Gogol spends the next three and half acts building a rising action. Khlestakov arrives on the scene, is mistaken for the inspector, and is given a royal treatment he does not understand, but takes full advantage of. Minor characters are introduced and a potential love affair between Khlestakov and the mayor's daughter (and possibly wife too) is developed. The climax begins near the end of act four, with the famous "bribe scene," where a rapid and farcical procession of officials commit continuous bribery. However, this climax never ends, but continues through the fifth act, reinvigorated by the arrival of the Storekeepers, the reading of the letter, and given one final boost with the last line of the play: "the government inspector has arrived.". As all characters freeze on stage, the pace has nowhere to go but crashing through the theater walls.
The result of Gogol's stylized dramatic structure is the final stylistic device we will discuss, a device whose intent seems to have backfired on Gogol. This device can only be called an "inverted catharsis." The play certainly possesses catharsis: it creates joy for the audience and purges them with laughter. However, other emotions, such as the anger at seeing such corruption as well as the frustration at wanting to right Gogol's upside-‐down-‐world and not seeing it happen, are given no release. The audience must exit through a gaping wound created by the exiting action, with these emotions seething within them, desiring release; this is inverted catharsis.
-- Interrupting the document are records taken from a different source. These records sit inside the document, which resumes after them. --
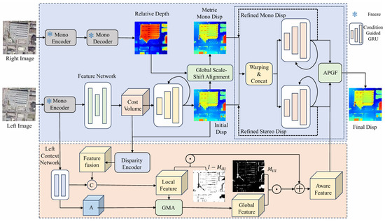 Stereo matching estimates disparity from rectified image pairs to recover three-dimensional geometry and is widely used in remote sensing for generating DSMs or point clouds, providing essential data for urban modeling, mapping, and disaster monitoring [1,2,3]. In recent years, cost-volume–based approaches built upon convolutional neural networks (CNNs) have achieved remarkable progress in stereo matching tasks, where feature extraction, matching cost computation, regularization, and disparity regression are jointly optimized [4,5,6]. However, under ill-posed conditions such as geometric inconsistencies, radiometric differences, and temporal variations in cross-orbit satellite remote sensing scenarios, the stability and accuracy of current disparity estimation algorithms remain difficult to guarantee.
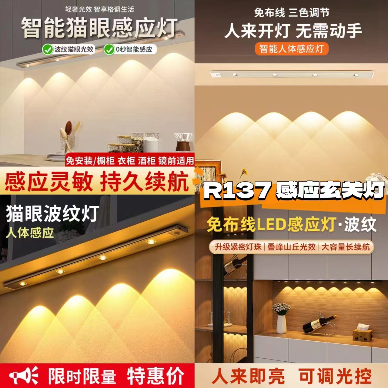 小山丘猫眼橱柜灯,人体感应灯免布线磁吸安装充电玄关酒柜灯波灯带 【50cm四灯】 #VsTeam全马第一手价 #下单送礼物🎁
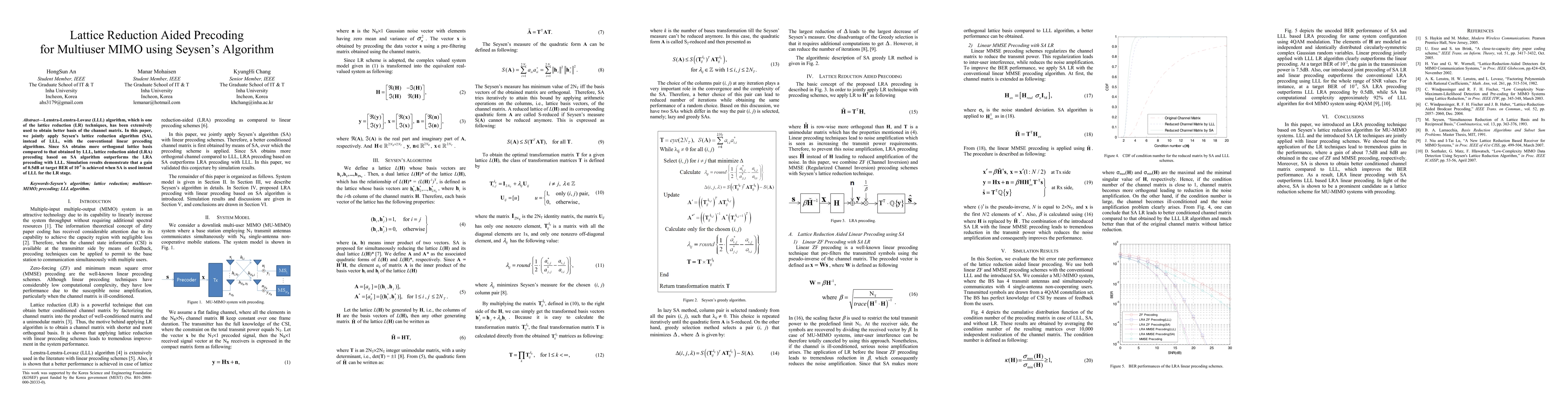 Seysen's lattice reduction algorithm is used to improve the performance of LRA precoding in multiuser MIMO systems
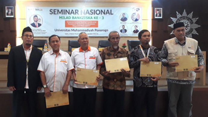 KABUPATEN PONOROGO -- Dalam rangka Milad ke-3, BankZiska menggelar Seminar Nasional dengan tema "Kolaborasi Lembaga Keuangan Syariah untuk Pembebasan Rentenir dan Pemberdayaan Masyarakat Miskin Ekstrem. Kegiatan ini berlangsung pada Sabtu (23/09) di Gedung Rektorat Universitas Muhammadiyah (Unmuh) Ponorogo, dihadiri oleh Bupati Kabupaten Ponorogo Sugiri Sancoko, Rektor Universitas Muhammadiyah Ponorogo Happy Susanto, Bendahara Pimpinan Wilayah Muhammadiyah (PWM) Jawa Timur Zainul Muslimin, Ketua Badan Pengurus Lazismu Wilayah Jawa Timur Imam Hambali, Ketua Pimpinan Daerah Muhammadiyah (PDM) Ponorogo Muhammad Syafrudin, serta Direktur Utama Banziska Agus Edi Sumanto.
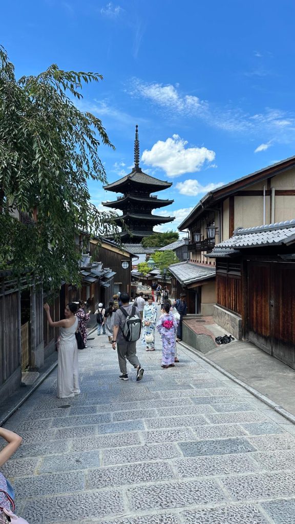 Afterward, we headed to Kiyomizu Temple, which is quite nearby—though we struggled a bit to find it, as we were a little disoriented with the map. The whole district is breathtaking, and while the main street leading to the temple is beautiful, it’s packed with souvenir shops. Naturally, we couldn’t resist buying a few things. And given the scorching heat, the occasional shop stop was a nice way to cool off.
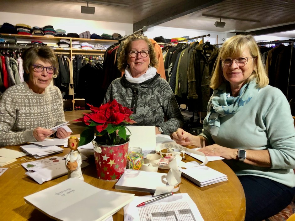 Vielleicht ist das der schönste Termin im Jahr für die Leiterinnen der Heimbachhilfe, Ingrid Wergen, Marianne Schimang und Marja Schöller (auf unserem Foto von links): Alle Jahre wieder treffen sie sich in der Adventszeit, um die Gutscheine für die Weihnachtsaktion der „Jungen Alten“ mit den besten Festtagswünschen in hübsche Umschläge zu verpacken. Mehrere tausend Euro sind auch in diesem Jahr an Spenden eingegangen und in Warengutscheine umgewandelt worden. Den vielen Spendern sei Dank.
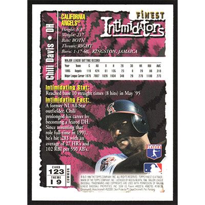 This is a 1996 Finest Chili Davis baseball card. The card is #123 and pictures show condition.
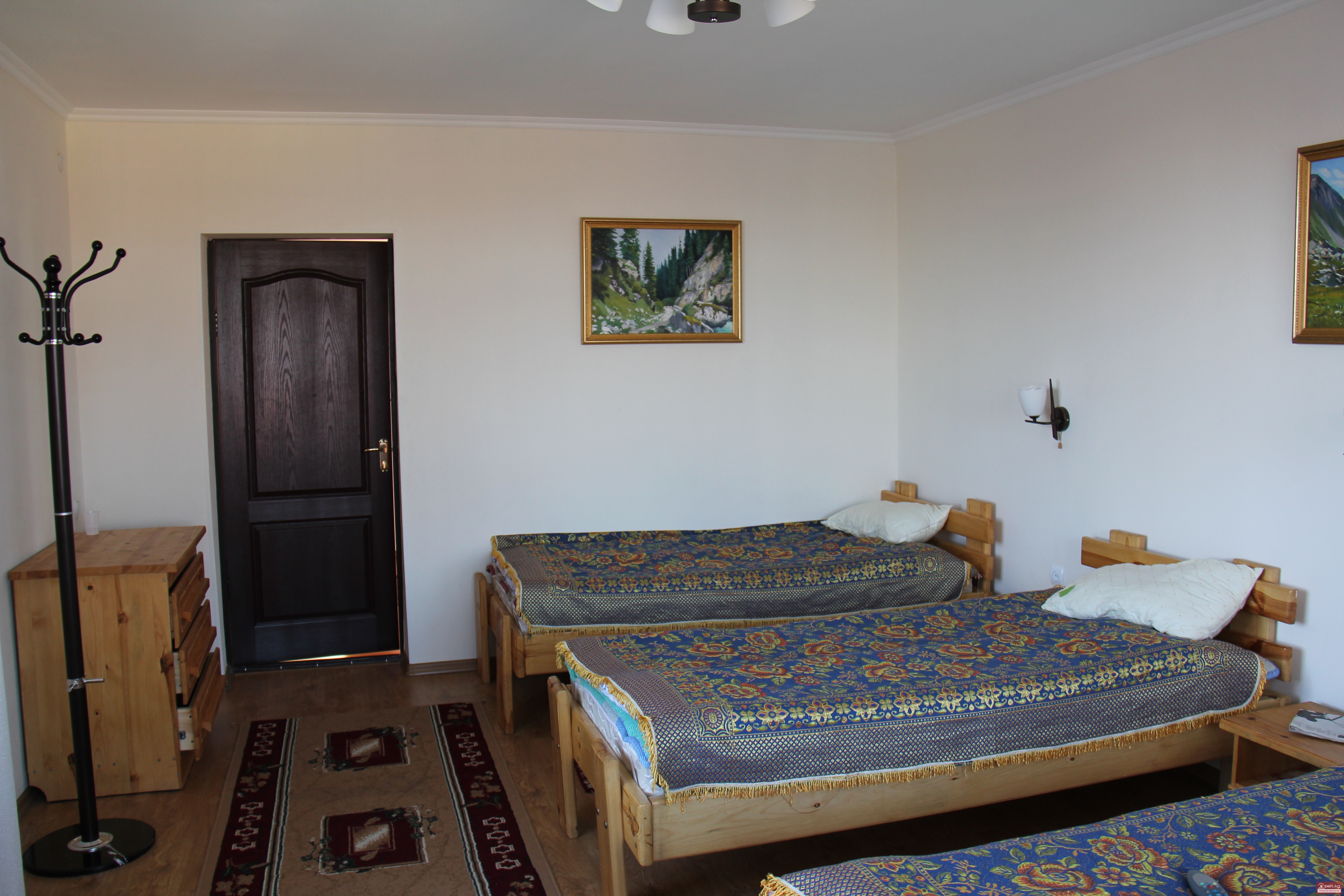 Дом по всему периметру облицован полиуретановыми плитами, толщиной 5 см., которое сохраняет тепло по принципу “термоса”, поэтому он теплый, уютный и комфортный. С номеров второго этажа Вы можете наслаждаться красотой Тянь-Шаньских гор .
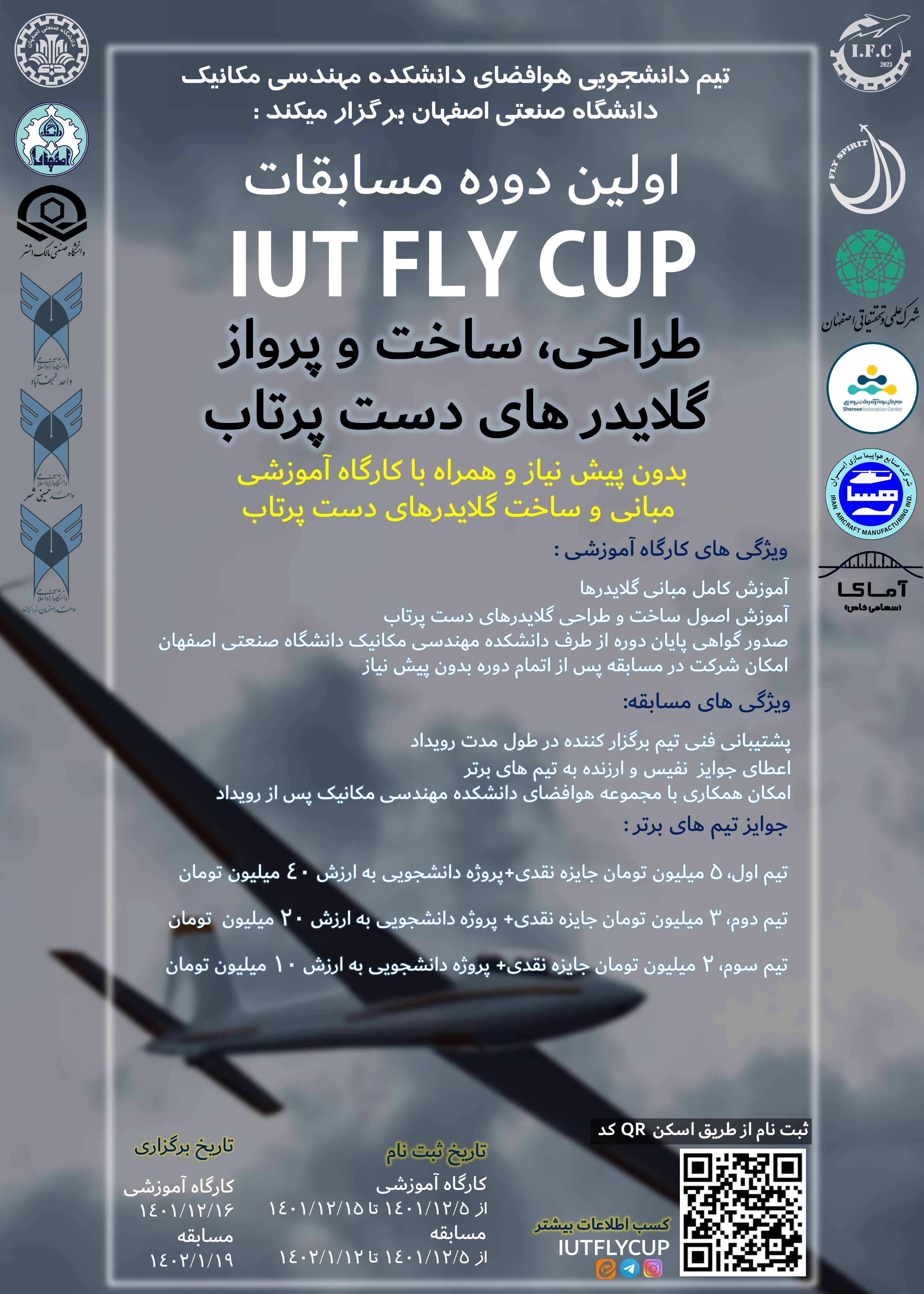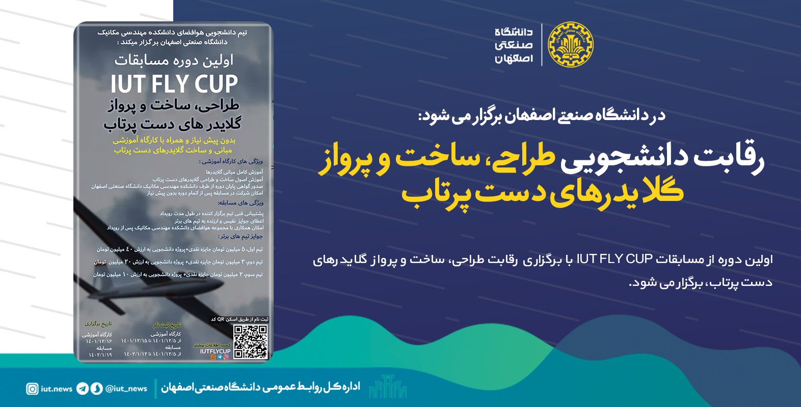 به همت تیم دانشجویی هوافضای دانشکده مهندسی مکانیک دانشگاه صنعتی اصفهان، اولین دوره از مسابقات IUT FLY CUP با برگزاری رقابت طراحی، ساخت و پرواز گلایدرهای دست پرتاب، برگزار می شود.
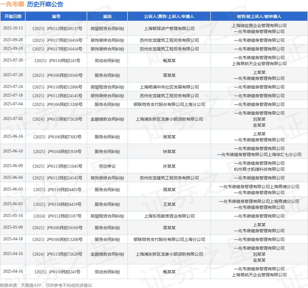 案号:(2025)沪0112民初49137号根据统计,近一年内以一兆韦德健身管理有限公司为当事人的历史开庭公告有68则,其中案由为“服务合同纠纷”的公告以24则居首,其次为“房屋租赁合同纠纷”有9则,“装饰装修合同纠纷”有8则。历史开庭公告(前20条)如下:
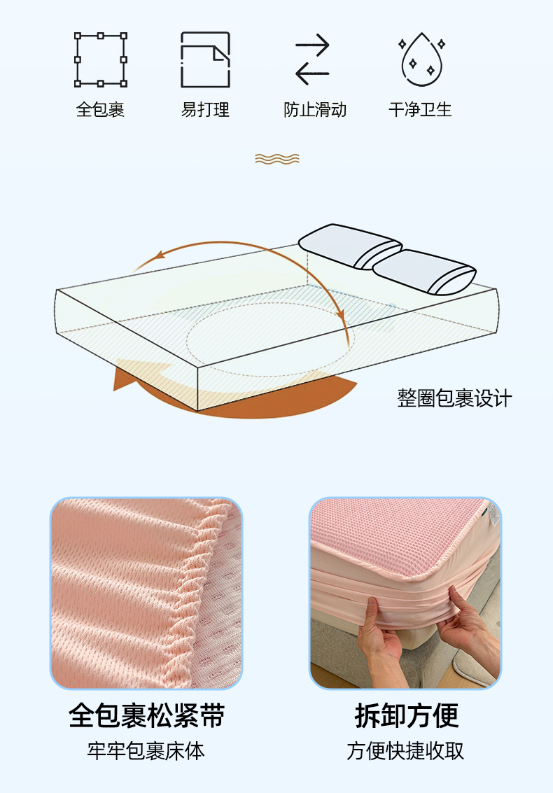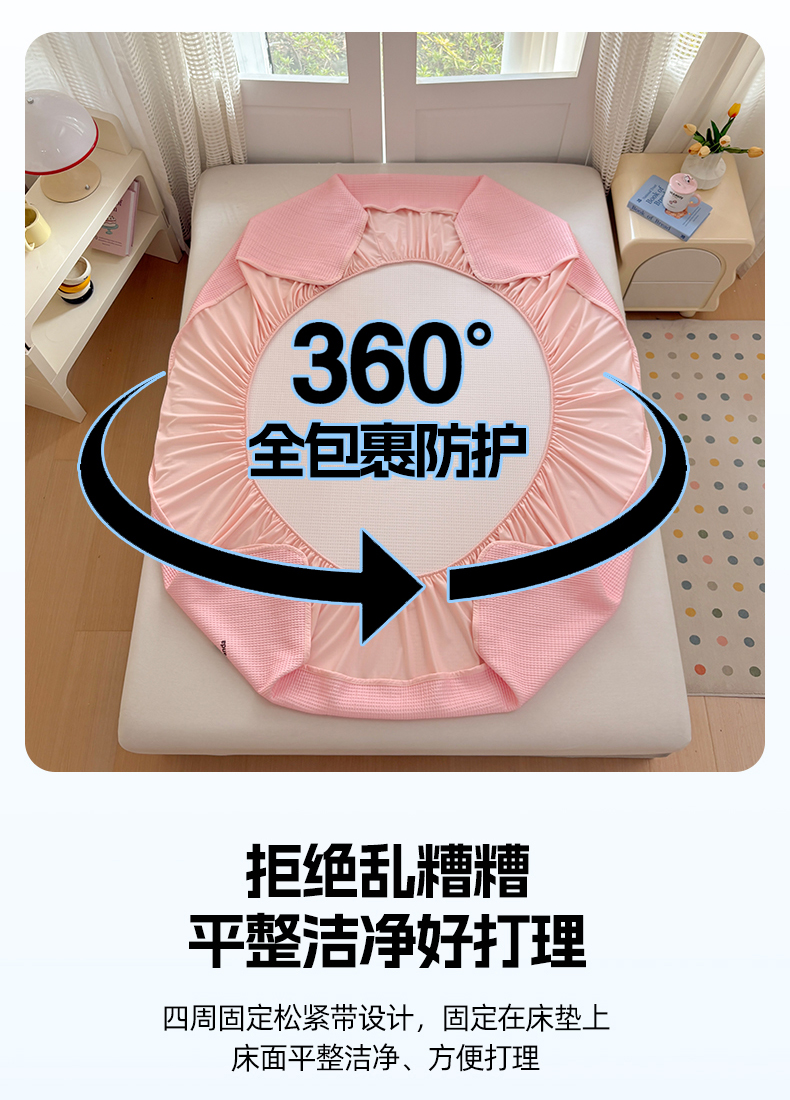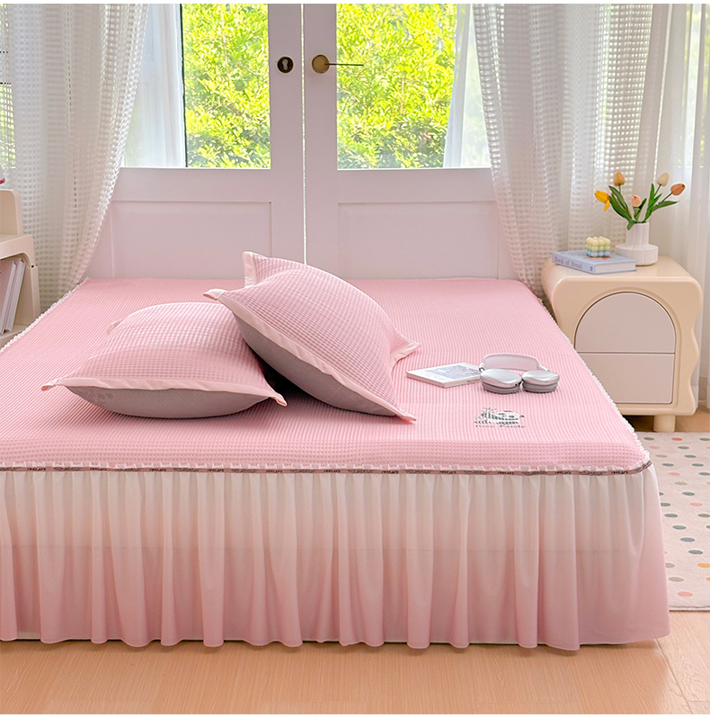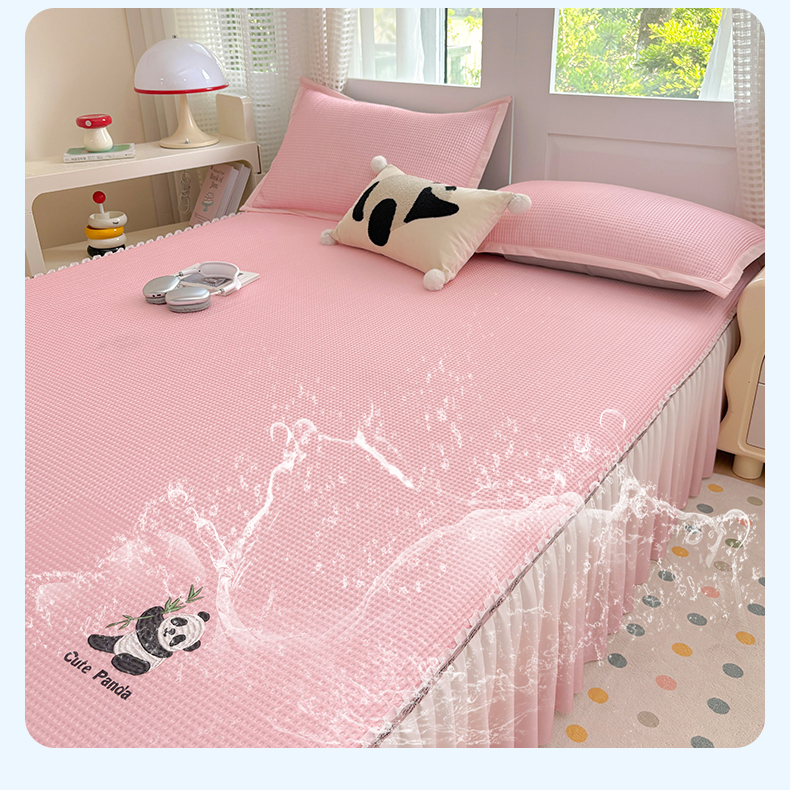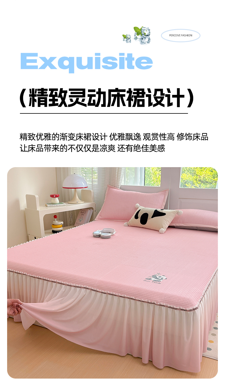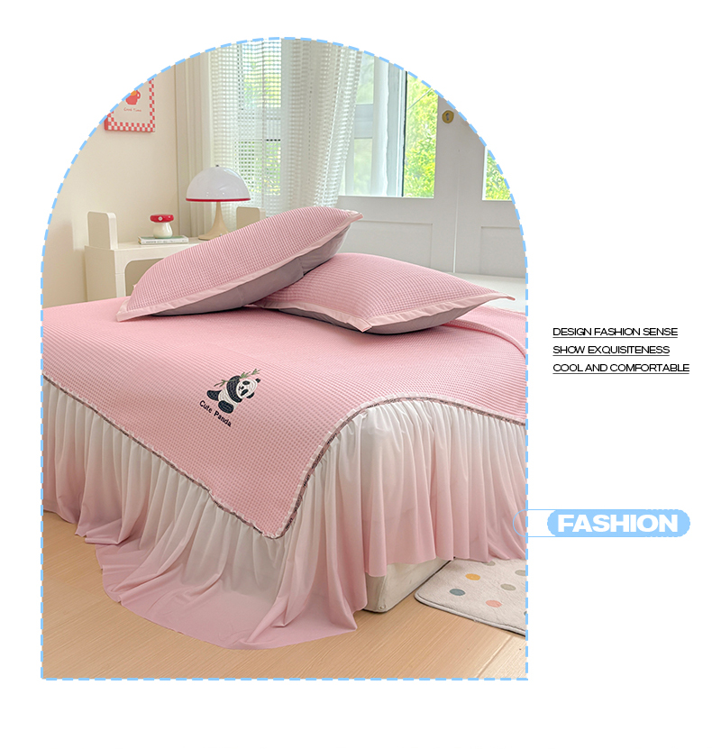 宜派家纺 2025新款高分子凉感丝床裙凉席三件套系列 可爱熊-粉 床笠款

It is possible that Gogol intend this, assuming the post-‐production release of this emotion would be channelled into improving society and stamping out corruption. However, more often than not, the audience simply directed their anger and frustration at the play and/or its author. Gogol complained about this:
"He's an incendiary! A rebel!" And who is saying this? Government officials, experienced people who ought to know better… and this ignorance is widespread. Call a crook a crook, and they consider it an undermining of the state apparatus… Consider the plight of the poor author who nevertheless loves his country and his countrymen intensely.